Chris Snyder then struck out on a slider in the dirt, but the ball bounced about 20 feet to the left of Sanchez. He scrambled to pick up the ball and his throw to first pulled Brandon Belt off the bag. Sanchez was charged with an error, allowing Maxwell to score from second with the tying run.

"I was actually surprised he threw it," Maxwell said. "When I hit third I was making sure he threw it, and as soon as I saw the ball in the air I took off."

The Astros' late rally denied Lincecum a badly needed victory. The Giants' two-time Cy Young Award winner had been mysteriously ineffective most of the season, carrying a startling 3-10 record and 6.42 ERA into the game. Lincecum gave up five hits -- all singles -- in eight scoreless innings. He struck out 11.

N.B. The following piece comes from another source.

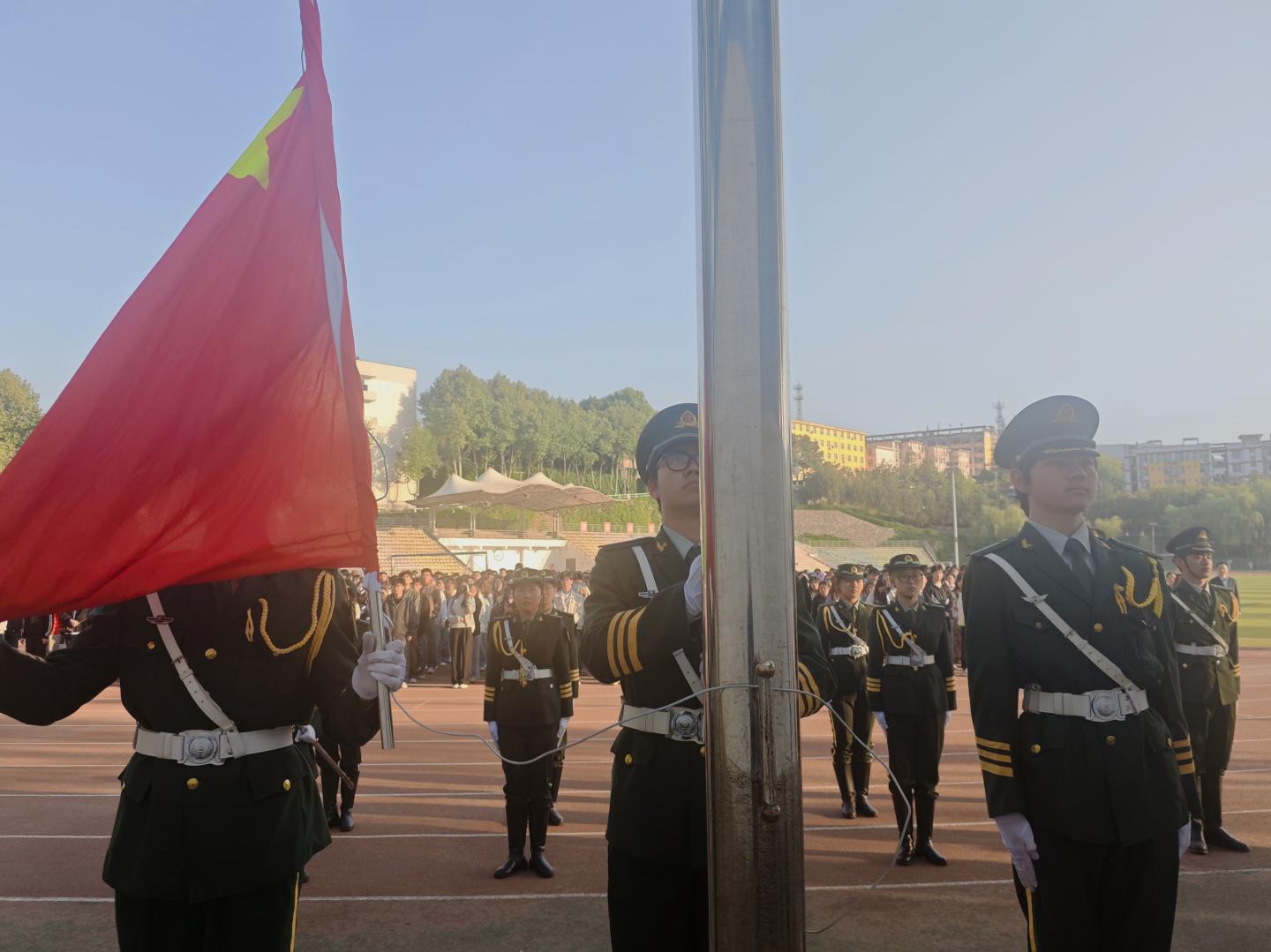国旗猎猎,步履铿锵。国旗护卫队迈着整齐有力的步伐,护送五星红旗走向升旗台。随着国歌奏响,五星红旗冉冉升起,我院升旗仪式正式拉开帷幕。师生们庄严肃立,向国旗行注目礼,表达对祖国的崇高敬意与深切热爱。

"He's still got good stuff regardless of his record," Maxwell said. "You don't win two or three Cy Youngs by being average. Hats off to him. He did a good job." Meanwhile, Astros starter Lucas Harrell, who has mixed very good starts with shaky ones throughout his rookie season, was effective for most of his five innings. He held the Giants scoreless, matching zeroes with Lincecum, through four innings.

In the fifth, he got in trouble after he issued a leadoff walk to Lincecum. "That's not acceptable," Harrell said. "In that situation you have to throw it down the middle and see what happens."

Harrell then walked Gregor Blanco. A double-play grounder nearly got him out of the inning, but he gave up a two-out RBI single to Melky Cabrera, the MVP of the All-Star Game earlier in the week.

Harrell walked Buster Posey, but then he struck out Sandoval to escape with no further damage. That was all for Harrell, who was finished after throwing 104 pitches.

"I felt like that was the worst I've thrown the ball all year," Harrell said. "I didn't feel good, wasn't comfortable. I wasn't locating at all today."

The Giants scored against reliever Fernando Abad in the sixth. Pagan and Sanchez began the inning with consecutive doubles.

Although the Astros lost, manager Brad Mills at least took solace in their comeback.

"I thought we did a real good job in that ninth inning to battle back like we did," Mills said.